Worst of all, most of those involved did not learn from the mistake but, instead, repeated it over and over again: first and most cynically with 3TC; then again, with saquinavir and the rest of the protease inhibitors.
The treatment guidelines that came out after protease approval once again pushed for early treatment. The researchers responsible for designing and conducting the clinical studies to learn when to start treatment were the most aggressive advocates for guidelines recommending early treatment. Those guidelines made the studies impossible to carry out. Now we know the recommendations were wrong.

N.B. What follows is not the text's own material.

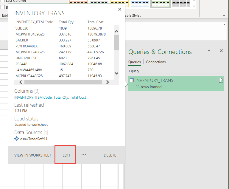 To open the query up to edit it after it has been returned to the worksheet hover over the query name in the right-hand ‘Queries & Connections’ (it is labeled ‘Workbook Queries’ in 2013 & older) panel and select ‘Edit’.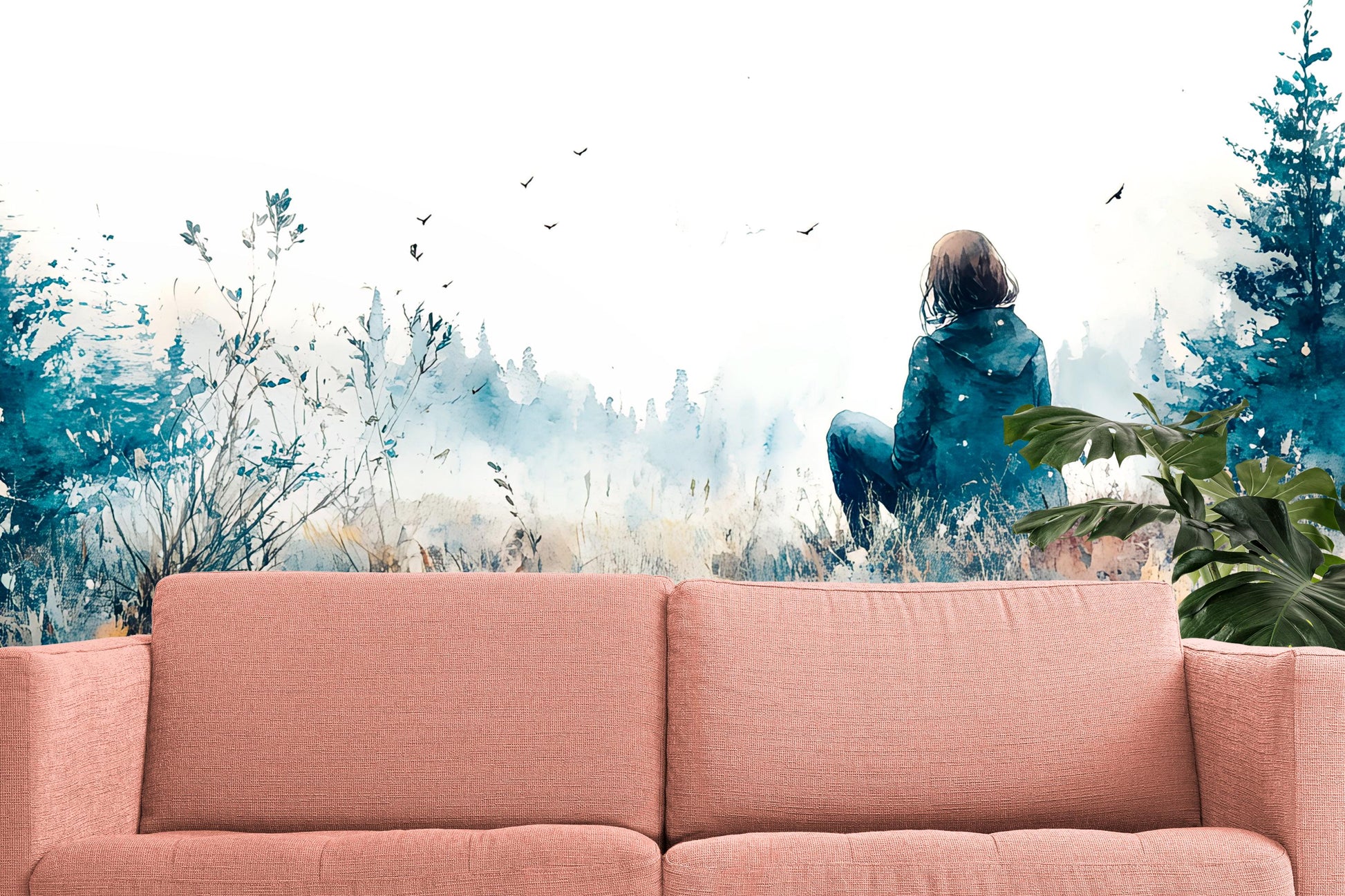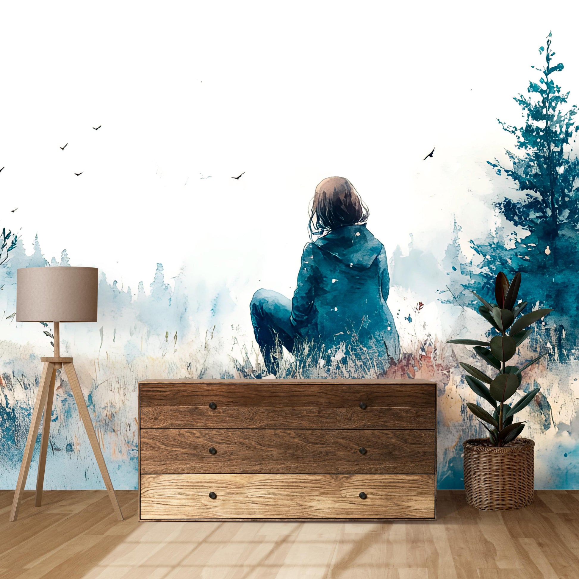 Transform your living space with this peaceful watercolor-style wall mural, featuring a contemplative figure sitting amidst a serene blue forest. The calming design blends nature and emotion, perfect for adding a soft artistic touch to your living room, bedroom, or meditation space. Easy to apply and ideal for statement walls or cozy corners.

I became a pain in the ass at FDA hearings, ACTG meetings, and, most vociferously, as a member of the panel that developed the HAART treatment guidelines. I bitched and moaned about the lack of data, the need for when to start studies, the potential problems with the new and untested therapies. Most of the researchers did not want to hear it. They belittled my concerns about adherence, about the possibility of unknown side effects, and the need for “when to start” studies. It was the people with HIV on the panel, mostly Mark and I, who were always calling for more conservative guidelines, facing pressure not only from the virologists, but also from other community advocates, who were concerned that our caution and call for guidelines that only recommended that people with AIDS (not HIV) start therapy, would interfere with their advocacy for more ADAP and Medicaid funds.
My colleagues and I were certainly in favor of more ADAP funds, but we had lived through the mistakes of the past and did not want to see them repeated. We did not want these promising, life-saving drugs to be wasted. I was labeled anti-treatment, even though I was on treatment. My position was never anti-drug, but for a more cautious use of the drugs. It is a position that is now, finally, reflected in the guidelines. But how many people are unnecessarily drug resistant today who never should have popped a pill? How many suffer from facial wasting or high cholesterol? How many will have no treatment options left for them after their T cells drop below 200? After we finally succeeded in getting the guidelines changed, I quit the panel in disgust.
I came home from Berlin demoralized and depressed. I knew that there was little hope to offer the clients pouring into GMHC. I left the GMHC policy department and turned my attention to developing treatment education programs for clients. I felt that for some time to come our best defense would be OI prophylaxis and treatment. And teaching people about these options, particularly Bactrim, just might be the most important thing I could do. So I started developing workshops, counseling programs, and treatment fact sheets, while continuing to advocate for better and more responsible clinical research and drug development. And just as I saw so many friends, colleagues, and clients get sick and die, I also saw my own T cells drop below 200, my energy wane, and my health begin to deteriorate. In 1995 I began to consider going on disability. I never imagined that, only three years after Berlin, there would be another revolution in AIDS care. We were very lucky — or, at least, some of us were.
One night in Berlin, Mark Harrington, Gregg Gonsalves, Derek Link, Simon Watney and I went to dinner at the revolving top of the telecommunications tower. Everyone was in a good mood. There was a photo taken of all of us that sat on Gregg’s computer in our apartment for years.